Hace unos años escribí en Seúl, hablando del libro de Ceferino Reato sobre el atentado de Montoneros en el comedor de la Policía Federal en 1976, que aquel suceso había sido, hasta los atentados de la AMIA y la embajada de Israel, “el acto terrorista más violento de la historia del país”. Me contestaron con diversos grados de indignación algunos lectores que me acusaron de dejar afuera los bombardeos de la Plaza de Mayo de 1955, de los cuales se cumplieron esta semana 70 años y que dejaron por lo menos tres centenares de muertos, la mayor parte de ellos civiles. Intenté argumentar mentalmente que eran actos distintos ya que…

De pronto, abandoné el razonamiento, claramente evasivo, y me di cuenta de que, en realidad, no se me había ocurrido pensar en los bombardeos. No estaban en mi mente. No contesté y me quedé pensando que para el sector no peronista de la sociedad (no necesariamente antiperonista, no necesariamente gorila) ese acto salvaje no formaba parte de los eventos históricos relevantes, especialmente de los violentos. Decía Félix Luna en Perón y su tiempo: “Todo salió mal y el saldo fue una tragedia que desde entonces quedó fijada en la memoria colectiva con la dimensión macabra de una injustificada masacre”. Pues no. En esa entelequia antojadiza que es la “memoria colectiva”, el episodio quedó desplazado por la violencia de la década del ’70, especialmente la ejercida por la dictadura. Y para los “no peronistas” se trata de un hecho tan abrumador, tan desmesurado, que no encuentra el menor resquicio para ser relativizado o negado. Simplemente, no se habla de ello.

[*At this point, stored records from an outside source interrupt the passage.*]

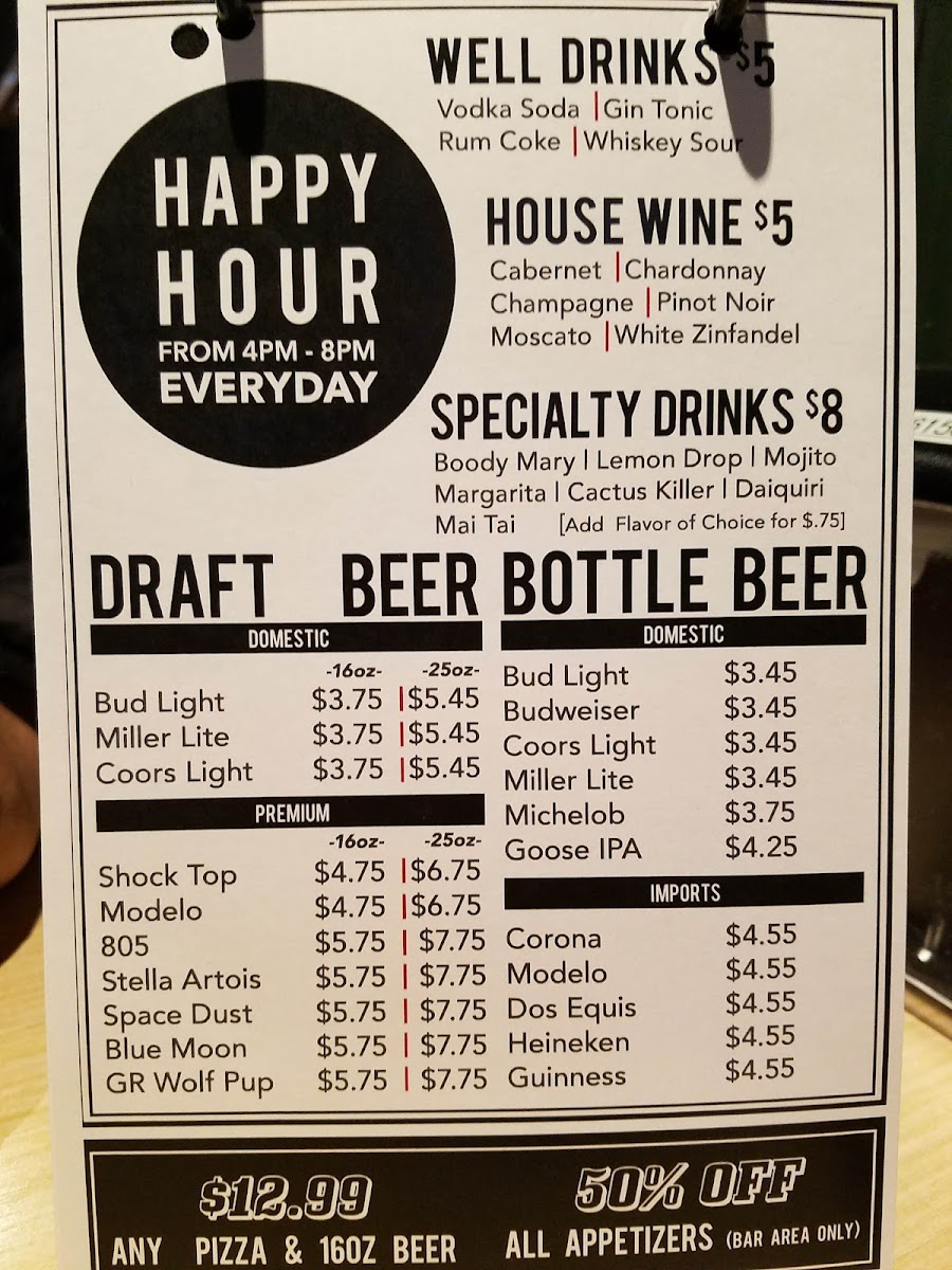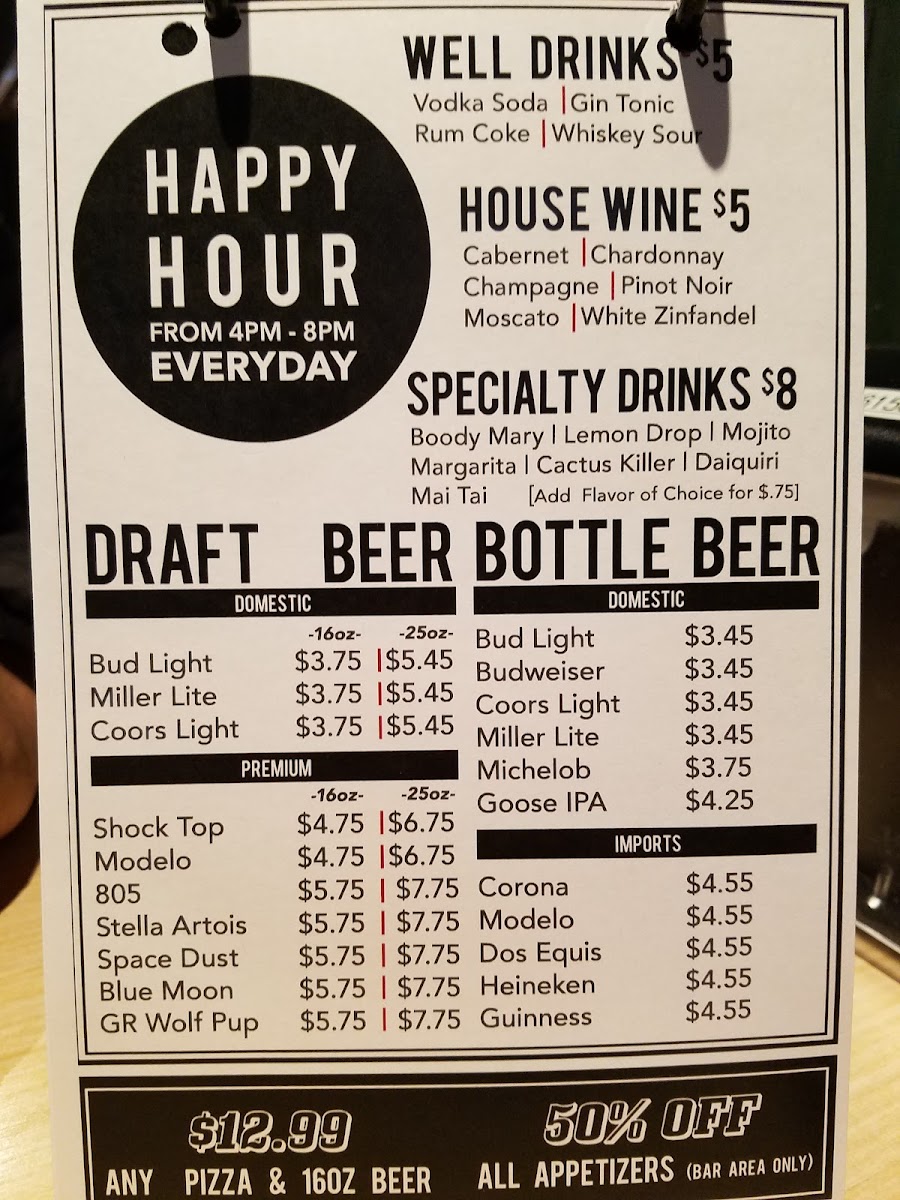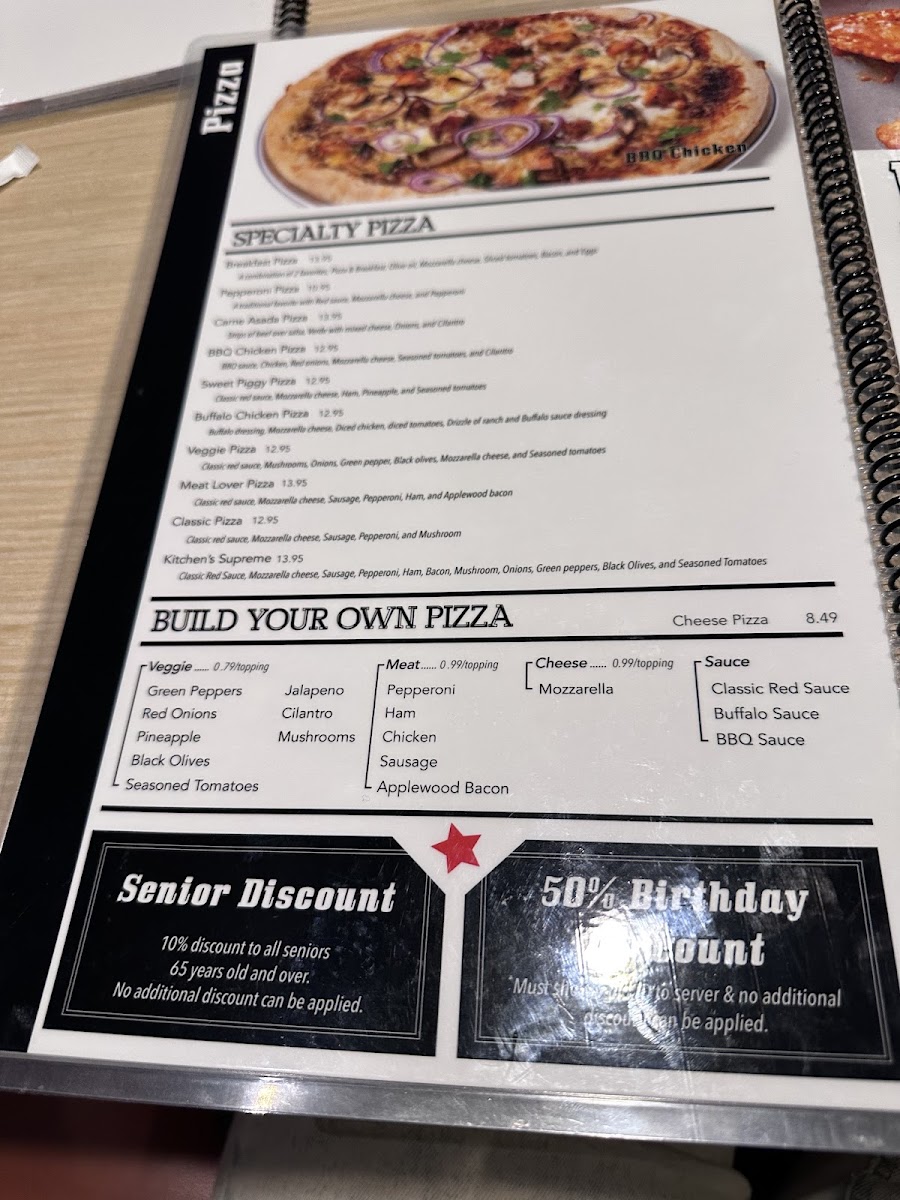 - Main Dishes and Sandwiches: Options include beef burgers, chicken breast club sandwiches, fish and chips, BBQ chicken pizza, Hawaiian pizza, and original hot buffalo wings.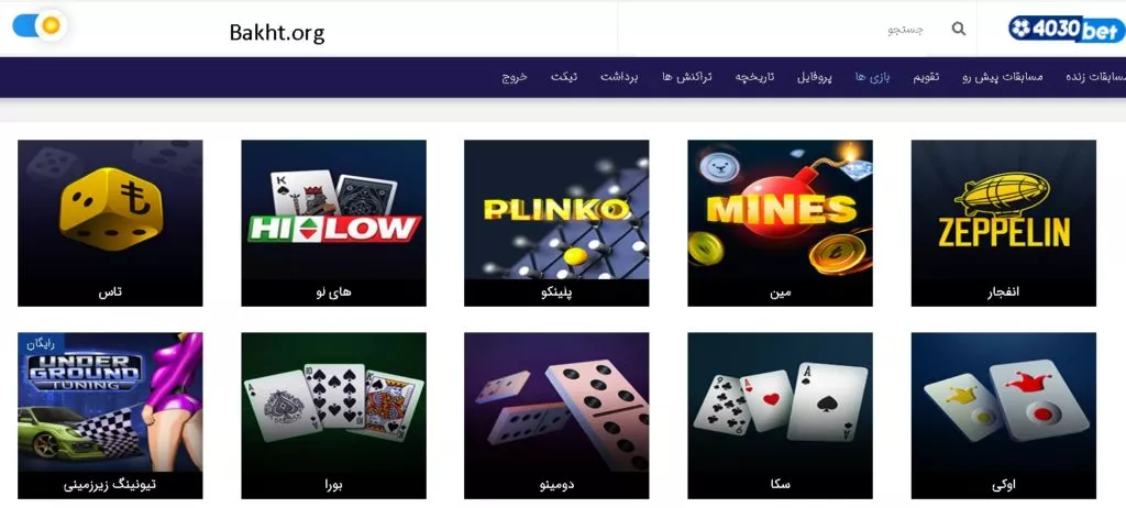 برخی از بازیها عبارتند از: بازی مین، بازی پلینکو، بازی های لو، بازی تاس، بازی دومینو و بازی تخته نرد. علاوه بر اینها بازی انفجار (زیپیلین) هم در نظر گرفته شده است.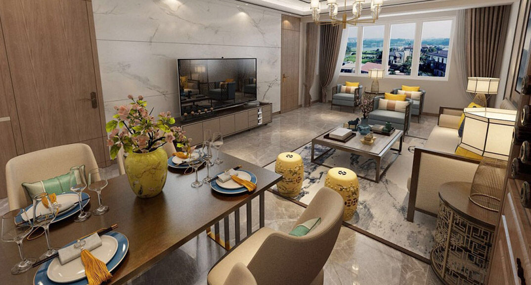 恩馬文景園144㎡二室一廳客餐廳沙發(fā)新中式風(fēng)格裝修效果圖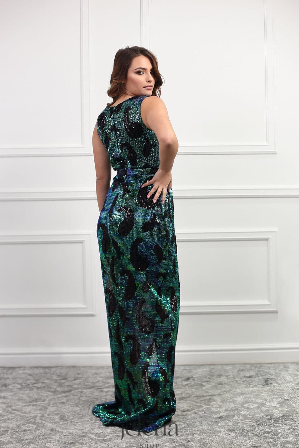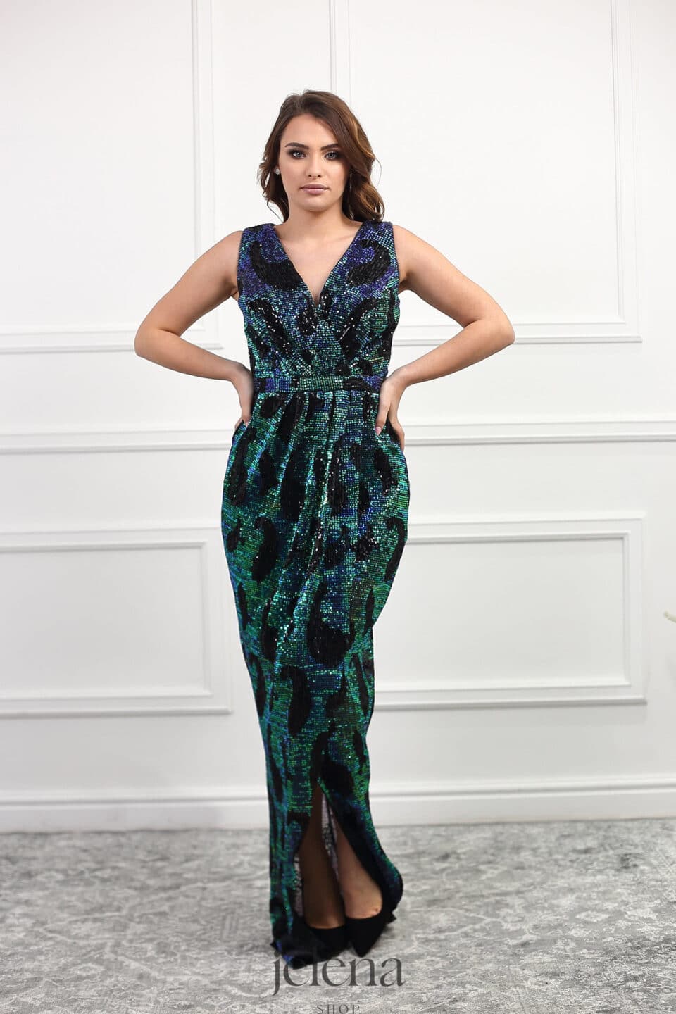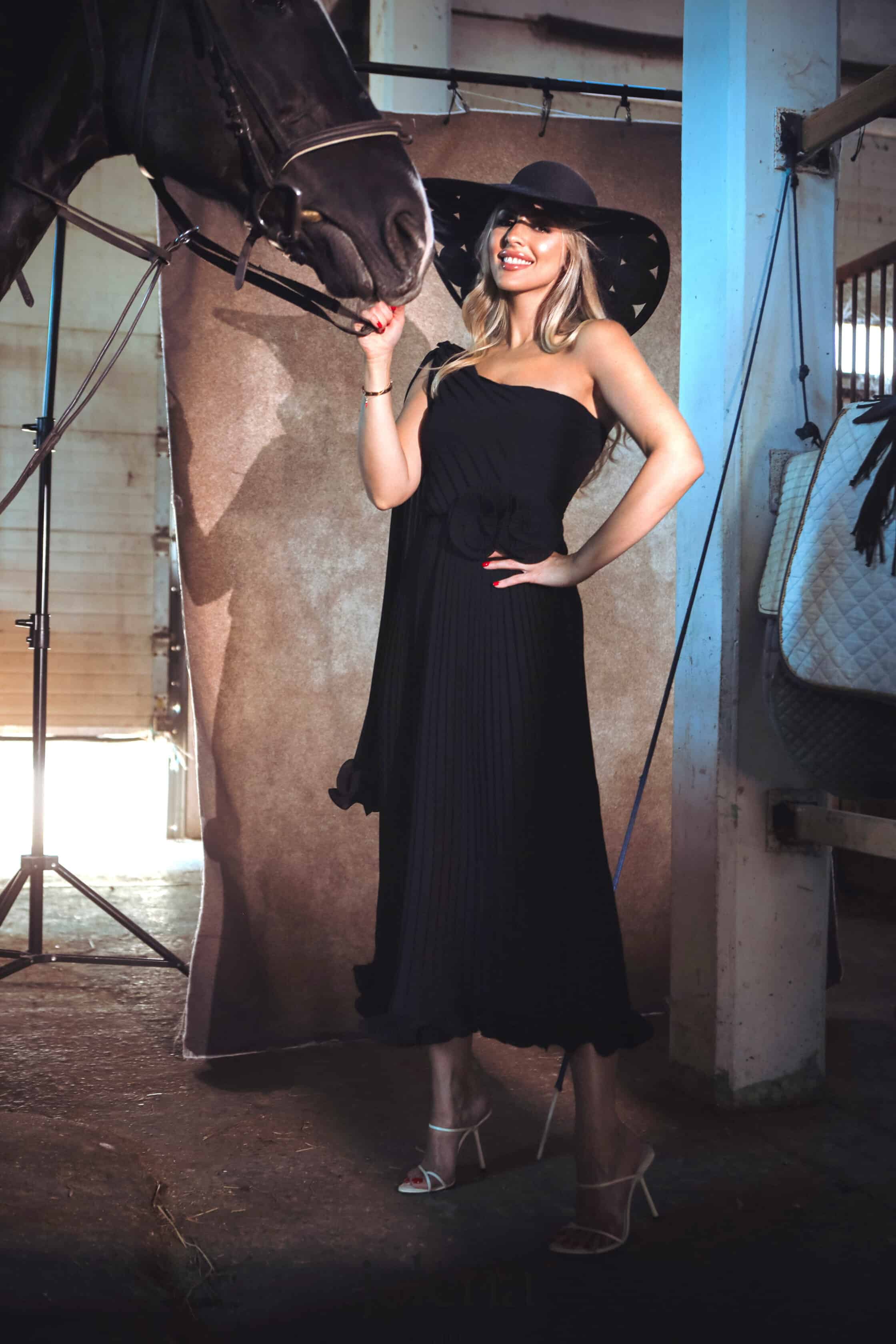 Elegantna crna haljina midi dužine sa profinjenim plisiranim donjim dijelom koji daje lagan i ženstven pad. Gornji dio je jednostavan i sofisticiran, dok se u struku ističe dekorativni detalj u obliku cvijeta koji dodatno naglašava siluetu. Poseban šarm daje lagani, lepršavi šal koji se spušta niz rame, stvarajući efektan i romantičan izgled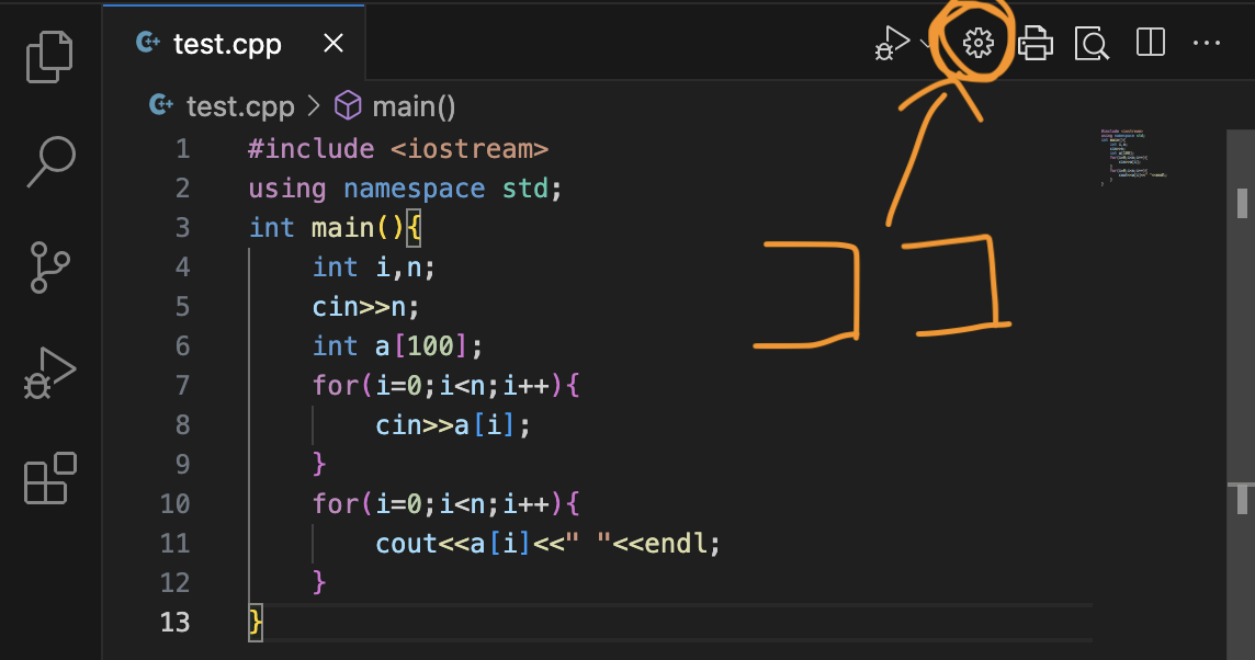 デバッグをしたいソースファイルを開いた状態で、右上の歯車マークを押します。

Los hechos son incontestables. El 19 de junio de 1955, en el marco de un fuerte enfrentamiento entre Perón y la Iglesia, aliados hasta no mucho antes, un grupo de aviadores de la Marina de Guerra, a los que se unieron algunos de la Fuerza Aérea, decidió atacar la Casa Rosada con el objetivo de matar a Perón. Varias oleadas de aviones cargados con bombas y ametralladoras atacaron la sede del gobierno, pero también hicieron blanco sobre las calles de la zona, incluyendo la Plaza de Mayo donde, siendo día laborable, había una gran cantidad de gente, y la avenida Paseo Colón, donde se encuentran edificios públicos de las diversas fuerzas del ejército. En vuelos más solitarios, algunos de los aviadores atacaron la CGT, el Departamento Central de Policía y el Palacio Unzué, donde hoy está la Biblioteca Nacional y en esa época era la residencia presidencial. En la mayoría de los casos murieron civiles que hacían su vida habitual. En Paseo Colón cayó una pesada bomba sobre un trolebús lleno de niños. Los que no murieron sufrieron horribles mutilaciones.

El silencio de ‘nuestro’ lado es ominoso. Nací un año después de los hechos en un hogar comunista, muy politizado y en mi niñez y adolescencia no escuché hablar del episodio.

El silencio de nuestro lado es ominoso. Nací un año después de los hechos en un hogar comunista, muy politizado y en mi niñez y adolescencia no escuché hablar del episodio. Por otra parte, el tiempo pasa y la sucesión de eventos históricamente relevantes va ocupando menos espacio en el disco duro. Las víctimas directas envejecen y mueren, el episodio queda en el desván de las cosas viejas, que ni usamos ni tiramos ni reciclamos. Los eventos de ese junio triste y lluvioso se marchitan en la memoria colectiva, ya que tampoco desde el peronismo se ritualizó la memoria de ese episodio.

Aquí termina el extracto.